In the past 40+ years, Betsey Johnson has worked diligently to create her own happy universe of punk-tinged dresses, rose print shoes, and fuschia handbags. She recently gave this cheeky place a name, Betseyville, which is emblazoned on her accessories. And this year, instead of a runway show, Betseyville migrated to the heart of the Garment District for a lively "Betsey Crocker" themed installation. Soda-jerk waiters rotated with veggie burgers and fries, '50s pop boomed from a DJ booth, and models in glittering party frocks danced behind velvet ropes (was the barrier so no one would feed them?). The most recognizable of them was Fatima from America's Next Top Model, who smiled with her eyes in a Tyra-approved way. Peaches Geldof slumped around the fringes and made gutteral sounds to reporters, her eyes rimmed in alarming, sunken red.

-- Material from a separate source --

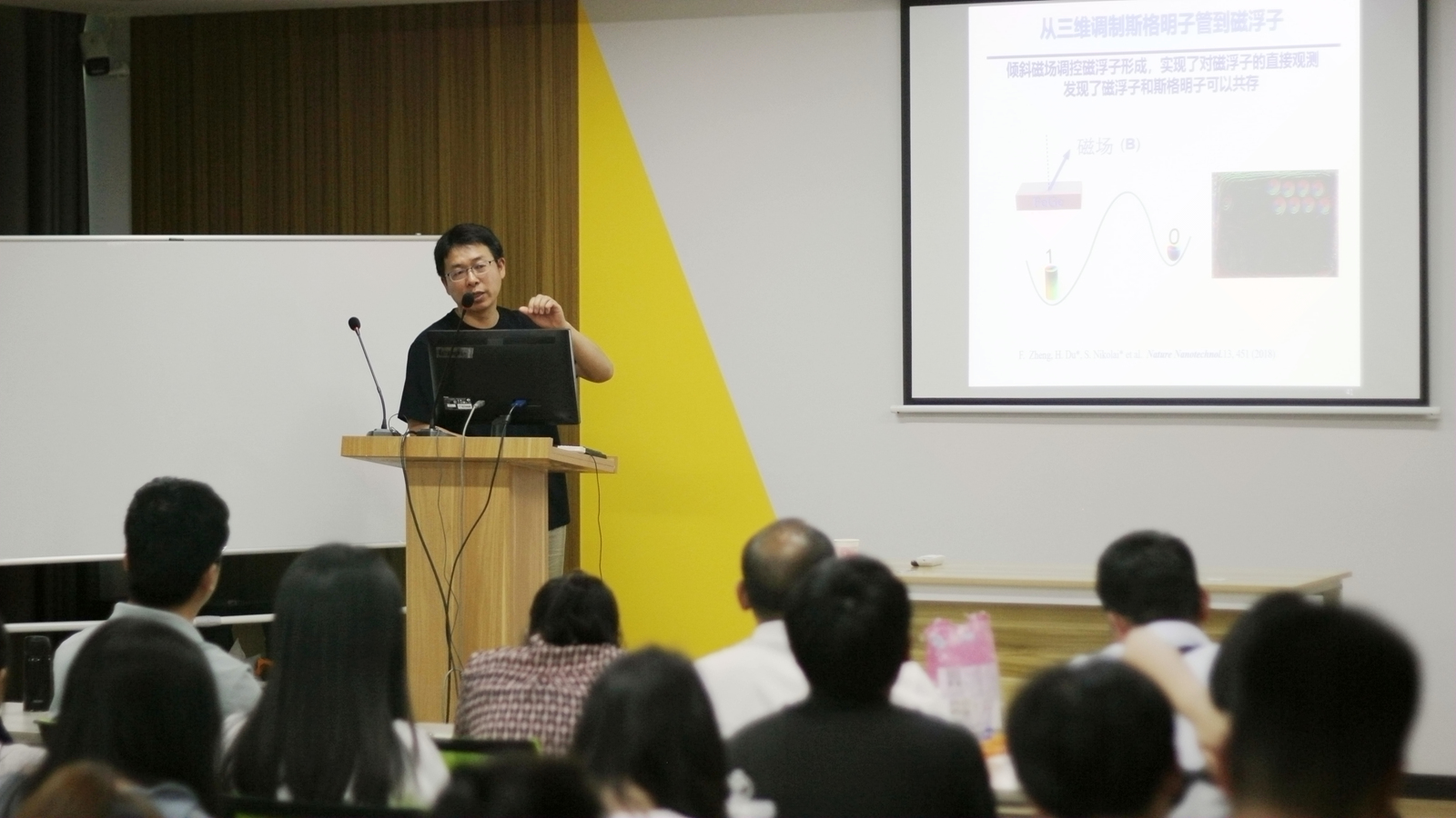 报告会上,杜海峰从强磁场的科学意义出发,首先讲述了数据磁存储的研究背景和发展历程,介绍了磁性斯格明子(Magnetic Skyrmion)是一种纳米级磁性结构,具备手性自旋的特性。然后,展示了材料纳米结构中磁斯格明子的制备方法,并重点讲解了低功耗磁电子学器件结构单元中磁斯格明子电操控,包括磁斯格明子晶体波导、磁斯格明子逻辑门和磁斯格明子存储器。最后总结了拓扑磁结构的探索,指出磁斯格明子器件有望在未来的量子计算和信息存储领域发挥重要作用。报告结束后,杜海峰研究员与在场的师生展开了热烈的讨论,就师生们提出的问题进行了深入、全面的解答。

Johnson herself, choppy blond hair poking under a tall white chef's hat, joked and ran flirtatiously through the room as cameras scurried behind her. There were no surprises in her collection - more sequins, skulls, and pink-and-black nylon dresses with petticoats - but the woman once employed Edie Sedgwick as her house model, and has been remarkably fun ever since.
Her gift bag, it's worth noting, was also by far the most elaborate. Sunglasses, underwear, a makeup palette with a sound chip. There is no recession in Betseyville.

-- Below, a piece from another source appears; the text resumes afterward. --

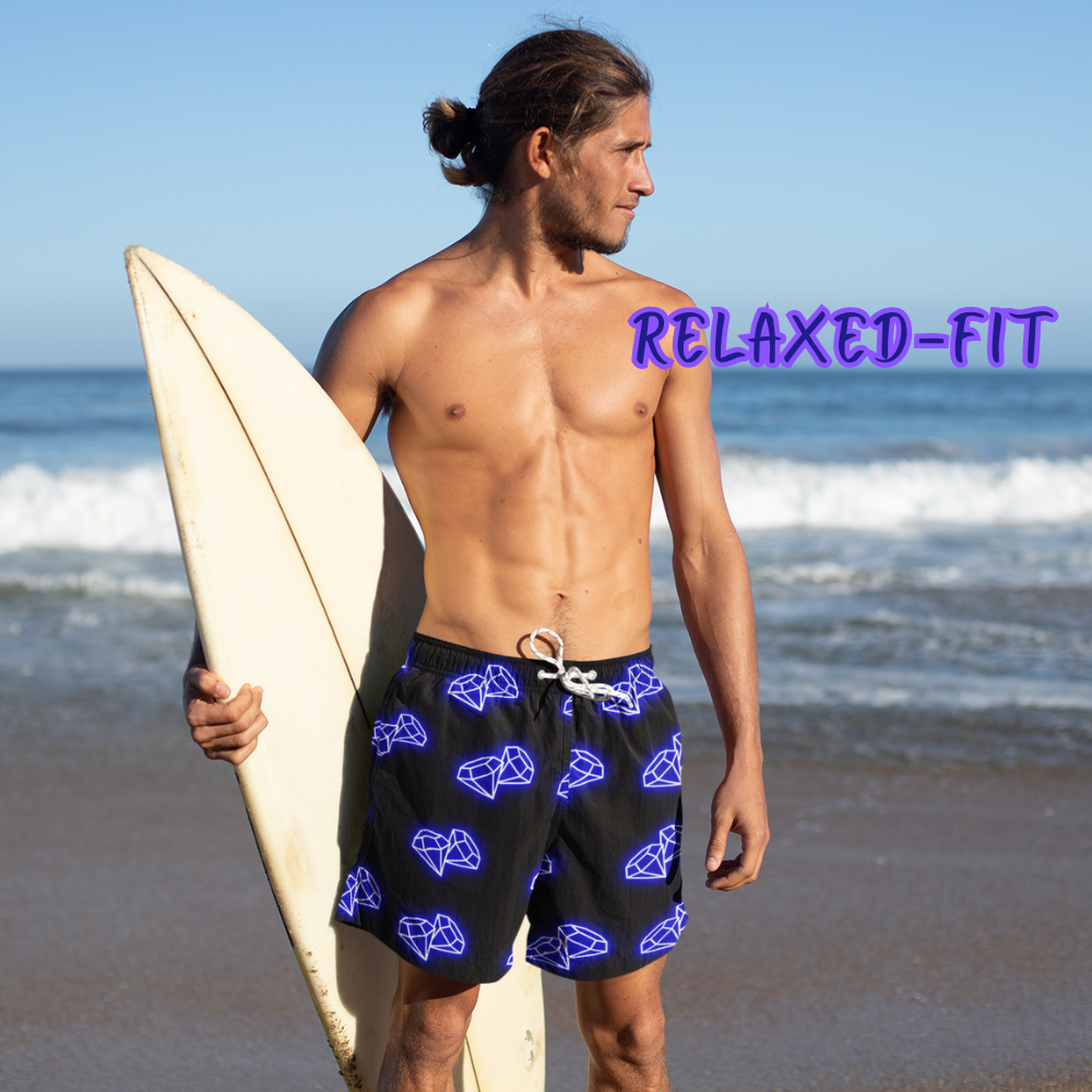 💎⚡ Featuring an electric blue diamond pattern that pops against black, these trunks are made for bold personalities and high-energy summer plans. Whether you're shopping for a bachelor party, festival outfit, or fun gift, these shorts deliver confidence, comfort, and style all in one.

But while Betsey spared (almost) no expense, Stacey Bendet, upstart designer of Alice + Olivia, gave the most money-conscious show of the week in her 40th Street boutique. A few models in cocktail dresses worked the corner but the presentation was mostly towering photos of models embellished with real accessories. In the spacious store, it seemed like a swanky gallery opening.
Bendet, a frequent tabloid figure for her skinny size and marriage to Disney heir Eric Eisner, cradled her baby and pointed out the more rock 'n' roll elements of her new line - studs and ribbons on the handbags, green yarn-like epaulets on the black tees (Brandon Flowers would love 'em), the asymmetrical hem on a gorgeous white strapless column. Models, and one of your correspondents, strutted in Alice + Olivia's great black patent boots from Payless. Assorted Kardashian sisters milled around the Preseco tray and Shenae Grimes from the new 90210 nudged her age-appropriate boyfriend in a small, determined path across the room. The emphasis of the evening seemed as much about Bendet's $25 Payless shoes as her $600 gowns, which was odd, but there was free candy.